Network competition, such as a computational trade-off between encoding specific details of an individual experience and extracting regularities across experiences,^115,116 suggests that a deficit in one network may be accompanied by additional resource allocation to a distinct compensatory network. There are several examples of extreme strengths observed in individuals with domain-specific neurodevelopmental disorders. Within the mnemonic domain, individuals with SDAM and aphantasia display strengths in non-episodic processes (e.g. extracting meaning or regularities, enabling rapid and efficient acquisition of concepts with reduced interference from specific episodes) and are over-represented in high-level scientific professions.¹¹⁴ Within the academic domain, children with specific learning disorders sometimes exhibit paradoxical strengths in other areas of learning (e.g. individuals with dyslexia are gifted in other domains,¹¹⁰ (see also Eberi et al.¹¹⁷). The presence of extreme high and low abilities within the same individual is a consequence of competition and parallel processing between distributed systems that undergo network-level reorganization with the goal of optimization, given a deficit, within the brain’s core-periphery structure. Conceptualizing neurodevelopmental disorders under the guiding principles of network neuroscience and core-periphery organization enhances the potential for these ideas to support learners across the full spectrum of ability, rather than only those with neurodevelopmental disorders.
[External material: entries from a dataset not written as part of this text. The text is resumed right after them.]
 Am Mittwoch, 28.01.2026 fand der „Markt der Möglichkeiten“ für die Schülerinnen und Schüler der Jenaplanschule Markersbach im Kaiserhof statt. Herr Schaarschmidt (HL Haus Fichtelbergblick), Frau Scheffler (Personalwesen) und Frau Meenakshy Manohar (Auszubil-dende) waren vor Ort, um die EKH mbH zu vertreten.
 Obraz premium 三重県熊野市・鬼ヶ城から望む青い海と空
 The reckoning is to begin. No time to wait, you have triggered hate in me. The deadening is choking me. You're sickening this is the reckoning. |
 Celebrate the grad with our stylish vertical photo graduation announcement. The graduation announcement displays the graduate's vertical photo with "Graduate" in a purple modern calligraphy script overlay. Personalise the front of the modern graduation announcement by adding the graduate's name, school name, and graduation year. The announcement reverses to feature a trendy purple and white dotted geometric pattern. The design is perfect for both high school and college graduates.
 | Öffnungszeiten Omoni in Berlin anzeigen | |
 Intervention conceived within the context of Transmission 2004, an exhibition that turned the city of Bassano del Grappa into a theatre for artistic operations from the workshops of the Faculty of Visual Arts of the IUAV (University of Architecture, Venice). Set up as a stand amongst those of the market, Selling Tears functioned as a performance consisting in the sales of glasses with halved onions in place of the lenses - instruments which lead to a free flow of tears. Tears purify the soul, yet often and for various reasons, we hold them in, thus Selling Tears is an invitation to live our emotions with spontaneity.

The identification of ‘learning styles’ (e.g. visual versus auditory learners¹¹⁸), an early profile-based approach in learning theory, has been dismissed as a ‘neuromyth’ due to a lack of scientific evidence.¹¹⁹ However, the notion that people have different profiles of cognitive strengths and weaknesses is—at least intuitively—self-evident. Indeed, it may be the intuitive appeal of learning styles—and the fact that they were originally identified in relation to focal lesion syndromes and not a neurodevelopmental framework—that led to an oversimplification of underlying neuro-anatomical mechanisms and overselling of related diagnostic and interventional products. A more nuanced anatomically-based approach to profiles would provide the basis for evidence-based diagnosis and intervention as well as contribution to theory across a wide range of abilities according to one’s unique cognitive profile.^113,120

Conclusion

Historically, neurodevelopmental disorders have been examined within, not across, cognitive domains. Synthesizing functional and structural connectivity findings across neurodevelopmental disorders suggests that distinct neurodevelopmental disorders are characterized by reductions in structural and functional connectivity between lower-level perceptual processing modules and higher-level control networks. The core-periphery network provides a useful framework for interpreting these findings. Specifically, seemingly distinct neurodevelopmental disorders share a dysfunction in long-range connections between the core and periphery of the human connectome. Implementing a network approach to identify a common origin of neurodevelopmental disorders across content domains may explain features such as comorbidity and paradoxical advantages within individuals in ways not evident from analyses focusing on surface-level differences in specific content domains. Such an approach would help to define a ‘connectome landscape of brain dysconnectivity’,¹⁷ valuable for the development and implementation of individualized prevention and intervention methodologies to support atypical learners across development.

Funding

This work was supported by operating grants from the Canadian Institutes of Health Research (CIHR) (Grant no. MOP-148940), the Social Sciences and Humanities Research Council of Canada (SSHRC) (Grant no. 430-2020-00215), as well as an SSHRC Banting Post-Doctoral Fellowship to H.M.S.

Competing interests

The authors report no competing interests.